The 22-year-old Wildcat is earning her bachelor’s degree in agricultural engineering technology on Dec. 10. However, her first career choice was architecture until she learned about Fort Valley State University’s Department of Engineering Technology on the institution’s website. The division offers Bachelor of Science degrees in agricultural engineering technology and electronic engineering technology.

“I found that agricultural engineering technology fits me better,” Tarver said.

The Fort Gaines, Georgia, native recalled growing up on her paternal grandparents’ farm in Midway, Alabama, which led to her decision to major in agriculture.

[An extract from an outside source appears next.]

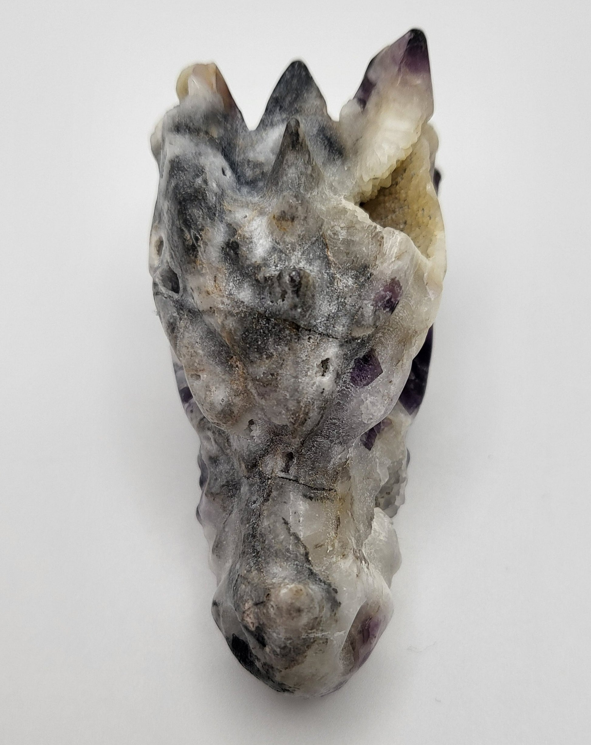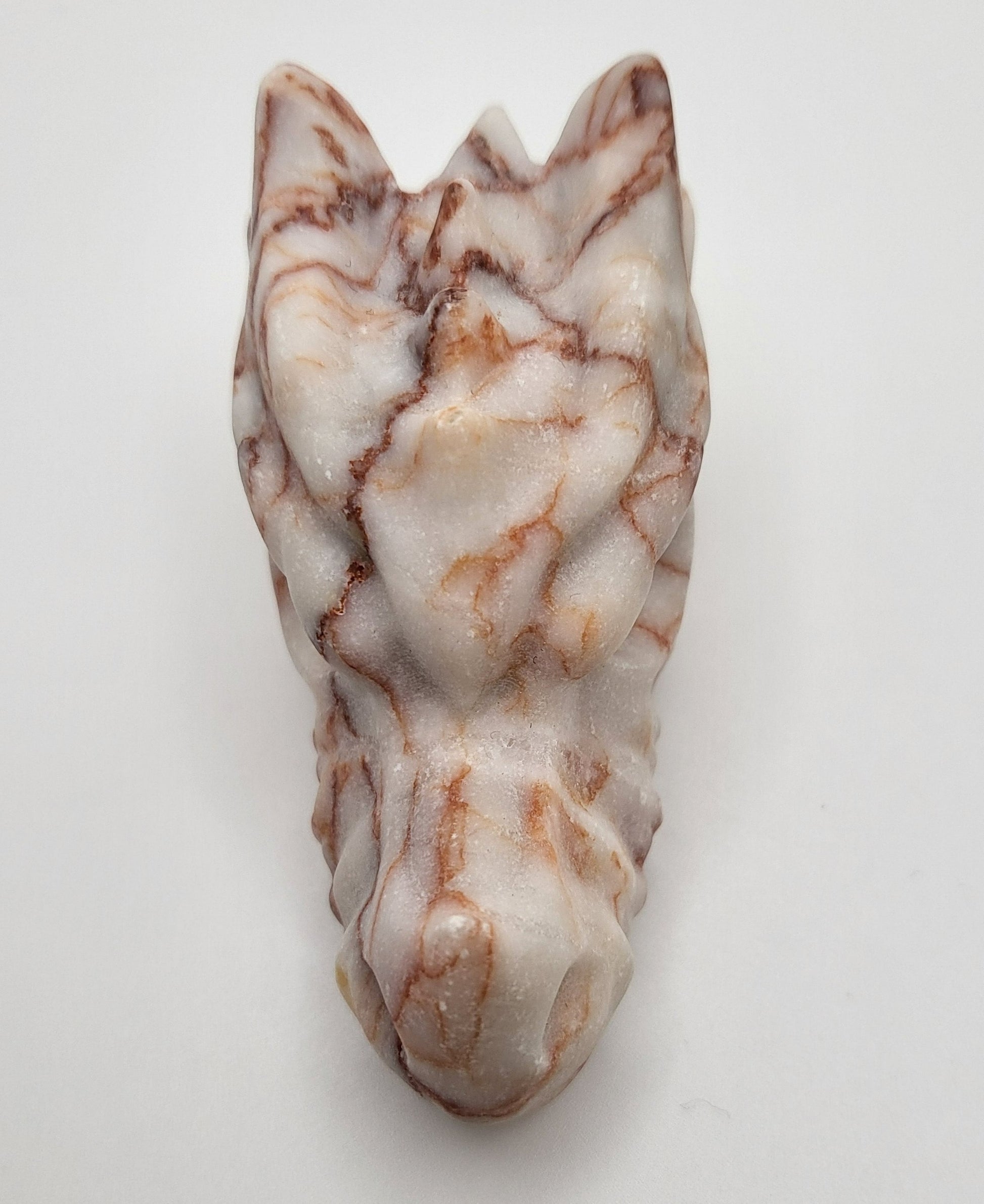 Dragon Head A -Sphalerite- 0.120kg - 2.75in.L x 1.37in.W x 1.69in.H. this little guy has one scale on top back of head that is shorter than other side. Not broken just the nature of sphalerite.
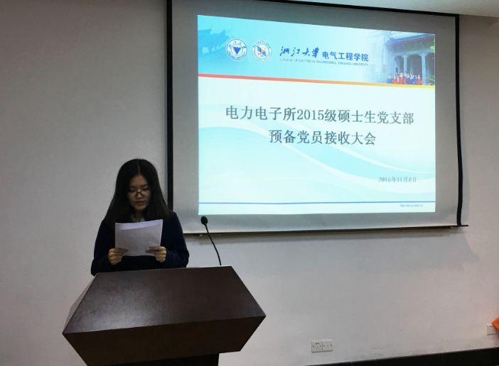 2016年11月8日下午6点30分,寒风凛冽中,24名党员和积极分子带着红彤彤的脸庞进入到第二教学楼121教室,电力电子所2015级硕士生党支部预备党员接收大会及微党课活动由此展开。这次会议由党支书沈莉娟主持,分为两个主旨,一是接收谭园和王腾飞两位积极分子成为预备党员;二是开展班级微党课活动,进行主题展示和心得分享。

“I wanted to go into a field that would ultimately help them out so I could come up with something to make their process easier. I have seen them do hard labor my whole life,” she said.

Tarver said she learned a lot about agriculture as a child helping with the field work and valued her grandfather’s stories about the traditions he shared with his father.

“That experience helped me learn how to grow my own food and sparked my interest in the engineering side. I would rather be the person designing the equipment and programs that assist farmers. I grew up creating and designing things and thought I would not mind doing this as a career,” she declared.

Tarver said working with Fanisha Maze, marketing and outreach coordinator for the College of Agriculture, Family Sciences and Technology, helped broaden her horizons. Although she grew up around agriculture, Tarver never considered pursuing a career in it.

“All I knew about it was the farm work. I did not know about the actual field of agriculture,” she admitted. “Now, I am pushing everyone toward agriculture. Agricultural engineering technology opened my mind to different things I can do with it.”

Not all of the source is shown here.